Statistics and modeling

After we finish all the preprocessing steps, we can go to the next - fit a model to the data. In order to understand model fitting, we need to know 3 fundamental components:

1 General Linear Model

2 The BOLD response

3 Time-series

General linear model

The General Linear Model (GLM) is a useful framework for comparing how several variables affect the continuous variables. Although it has many variants, the simplest form is described as: Y = βX + ε. In GLM, we can use one or more regressors(X) - independent variables, to fit a model for some outcome measure(Y) - or dependent variable. To do this we need to compute numbers called beta weights(β), which are the relative weights assigned to each regressor in oder to get the best fitting for the data. Any discrepancies between the model and the data are called residuals(ε).

../../_images/AFNI_GLM_Equation.png — The symbols representing each of these terms are shown in the equation.

For example, imagine that we want to predict the chance of infecting Covid-19 based on social distance, daily interaction in person, and longitude. It is reasonable to find that social distanc has a negative correlation with the infection of Covid-19, the more distance you keep with other people, the less chance you will get Covid-19. In terms of daily interaction in person, it has a positive association, the more you interact with people in person, you are more likely to be affected by the virus. lastly, longitude has no associati in general.

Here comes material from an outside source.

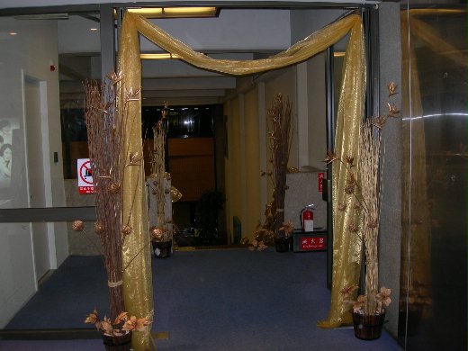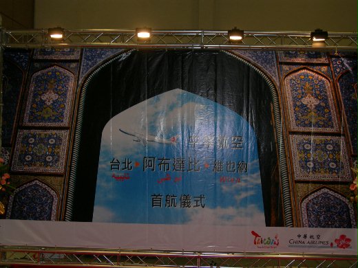 4/25是華航台北-阿不達比-維也納首航的日子。晚上抵達中正機場後,經過例行的手續後就抵達登機門。抵達登機門時發現頗有阿拉伯風味呢。經過了開航典禮,旅客領了首航紀念品—乳酪鳳梨酥—後,魚貫進入機艙後,飛機關艙門、後推、滑行和起飛。

Therefore, we need assign each of these regressors a beta weight so that the model can fit the real data best. To be more specific, maybe each additional meter for social distance is associated with an additional 0.5 decrease in infection of Covid-19, while each additional 0.5 times of personal interaction is associated with a 0.3 increase:

Chance of infecting Covid-19 (Y) = -0.5X1(social distance) + 0.3X2(personal inteaction) + ε

This GLM can be expanded to include many regressors, but no matter how many regressors you have, the GLM assumes that the data can be modeled as a linear combination of each of the regressors. Keep GLM in your mind because we will apply it in our model soon.

BOLD response

BOLD signal

In 1990, a researcher at Bell Laboratories named Seiji Ogawa discovered that more deoxygenated blood leads to a decrease in the signal measured from a brain region. An increase in oxygenated blood, on the other hand, increases the signal - this increase in oxygenated blood was later shown to be correlated with increased neural firing. This change in signal is known as blood oxygen level dependent signal ( BOLD signal). Shortly afterward, a researcher at Massachusetts General Hospital named Ken Kwong in 1992 demonstrated that the BOLD signal could be used as an indirect measure of neural activity. His experiment consisted of alternately showing a flashing checkerboard and a black screen to the subject for one minute each. The BOLD signal was recorded during each condition, as shown in the following video:

In the 1990’s, empirical studies of the BOLD signal demonstrated that, after a stimulus was presented to the subject, any part of the brain responsive to that stimulus - say, the visual cortex in response to a visual stimulus - showed an increase in BOLD signal. The BOLD signal also appeared to follow a consistent shape, peaking around six seconds and then falling back to baseline over the next several seconds. This shape can be modeled with a mathematical function called a Gamma Distribution. As Gamma Distribution is created with parameters to best fit the BOLD response observed by the these empirical studies, it is the canonical Hemodynamic Response Function(HRF).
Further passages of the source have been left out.